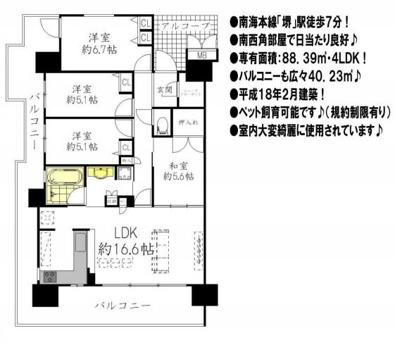 | バルコニー面積 | 40.23㎡ |
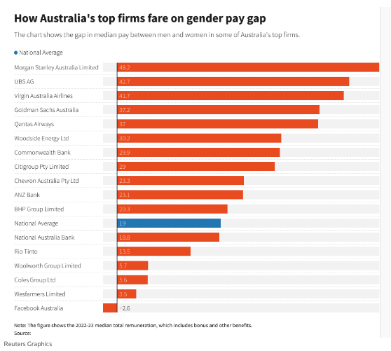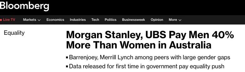 据Bloomberg报道👇,根据澳大利亚政府在26日首次发布的公司层面数据,Morgan Stanley和UBS在澳大利亚的业务中,男性员工的平均薪酬比女性员工高出40%以上。
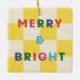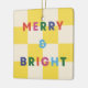 Created to coordinate with the "Checkerboard Merry & Bright" holiday card collection, this whimsical Christmas ornament features the phrase "Merry & Bright" in bold, colorful lettering, placed over a modern, yellow checkerboard pattern. The back of the ornament has space for a customer photo.

WHAT YOU HAVE TO DO - Copy the listing in full and without alteration, omitting every picture.

RESULT BELOW -
 | バルコニー面積 | 40.23㎡ |
 据Bloomberg报道👇,根据澳大利亚政府在26日首次发布的公司层面数据,Morgan Stanley和UBS在澳大利亚的业务中,男性员工的平均薪酬比女性员工高出40%以上。
 Created to coordinate with the "Checkerboard Merry & Bright" holiday card collection, this whimsical Christmas ornament features the phrase "Merry & Bright" in bold, colorful lettering, placed over a modern, yellow checkerboard pattern. The back of the ornament has space for a customer photo.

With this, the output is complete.